Mr Cameron, who was in Milan for a meeting of European and Asian nations, said: ‘This is the biggest health problem facing our world in a generation. It is very likely to affect a number of the countries here today.

‘Britain, in my view, has been leading the way. The action we are taking in Sierra Leone where we are committing well over £100 million, 750 troops, training 800 members of health staff, providing 700 beds – we are doing a huge amount.

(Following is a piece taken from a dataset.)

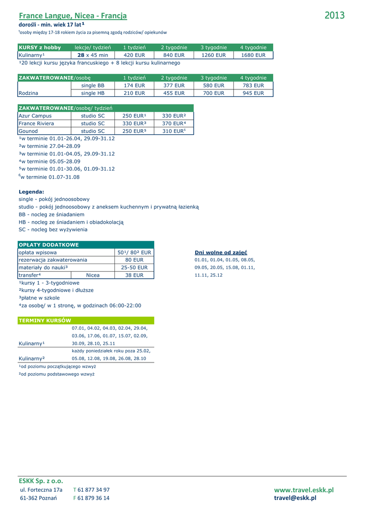 2013 France Langue, Nicea - Francja dorośli - min. wiek 17 lat¹ ¹osoby między 17-18 rokiem życia za pisemną zgodą rodziców/ opiekunów KURSY z hobby Kulinarny¹ lekcje/ tydzień 1 tydzień 2 tygodnie 3 tygodnie 4 tygodnie 28 x 45 min 420 EUR 840 EUR 1260 EUR 1680 EUR 4 tygodnie ¹20 lekcji kursu języka francuskiego + 8 lekcji kursu kulinarnego 1 tydzień 2 tygodnie 3 tygodnie single BB 174 EUR 377 EUR 580 EUR 783 EUR single HB 210 EUR 455 EUR 700 EUR 945 EUR 250 EUR¹ 330 EUR² ZAKWATEROWANIE/osobę Rodzina ZAKWATEROWANIE/osobę/ tydzień Azur Campus studio SC France Riviera studio SC 330 EUR³ 370 EUR Gounod studio SC 250 EUR 310 EUR6 ¹w terminie 01.01-26.04, 29.09-31.12 ²w terminie 27.04-28.09 ³w terminie 01.01-04.05, 29.09-31.12 w terminie 05.05-28.09 w terminie 01.01-30.06, 01.09-31.12 6 w terminie 01.07-31.08 Legenda: single - pokój jednoosobowy studio - pokój jednoosobowy z aneksem kuchennym i prywatną łazienką BB - nocleg ze śniadaniem HB - nocleg ze śniadaniem i obiadokolacją SC - nocleg bez wyŜywienia OPŁATY DODATKOWE opłata wpisowa 50¹/ 80² EUR rezerwacja zakwaterowania materiały do nauki³ transfer Nicea Dni wolne od zajęć 80 EUR 01.01, 01.04, 01.05, 08.05, 25-50 EUR 09.05, 20.05, 15.08, 01.11, 38 EUR 11.11, 25.12 ¹kursy 1 - 3-tygodniowe ²kursy 4-tygodniowe i dłuŜsze ³płatne w szkole za osobę/ w 1 stronę, w godzinach 06:00-22:00 TERMINY KURSÓW 07.01, 04.02, 04.03, 02.04, 29.04, 03.06, 17.06, 01.07, 15.07, 02.09, Kulinarny¹ 30.09, 28.10, 25.11 kaŜdy poniedziałek roku poza 25.02, Kulinarny² 05.08, 12.08, 19.08, 26.08, 28.10 ¹od poziomu początkującego wzwyŜ ²od poziomu podstawowego wzwyŜ ESKK Sp. z o.o. ul. Forteczna 17a 61-362 Poznań T 61 877 34 97 F 61 879 36 14 www.travel.eskk.pl [email protected]

‘I think it is time for other countries to look at their responsibilities and their resources and act in a similar way to what Britain is doing in Sierra Leone, America is doing in Liberia, France is doing in Guinea.’

Meanwhile, Public Health England (PHE) said screening for travellers arriving in Britain from the affected areas in West Africa is to be introduced at Manchester and Birmingham airports.

Duncan Selbie of PHE said that once the existing measures covering Heathrow, Gatwick and the Eurostar terminal at St Pancras had ‘settled’, they would be rolled out to other ports of entry.

‘Next week the focus will be on Gatwick and St Pancras and, once settled there, we will then move to include Manchester and Birmingham,’ he said.

‘I appreciate very much that we are taking people away from their normal work, and please be assured that we are thinking hard and listening carefully to those on the ground to see how we can make this more sustainable.

‘What I am certain of is that we have the people who know how to keep the country safe and that is exactly what we will do.’

Meanwhile health experts in America have said it would be a bad idea to impose a travel ban on passengers entering the U.S. from West Africa.

The experts’ key objection is that a ban could prevent needed medical supplies, food and health care workers from reaching Liberia, Sierra Leone and Guinea, the nations where the epidemic is at its worst.

Without that aid, the deadly virus might spread to wider areas of Africa, making it even more of a threat to the U.S. and the world, experts say.

The also argue preventing people from the affected countries from traveling to the U.S. could be difficult to enforce and might generate counterproductive results, such as people lying about their travel history or attempting to evade screening.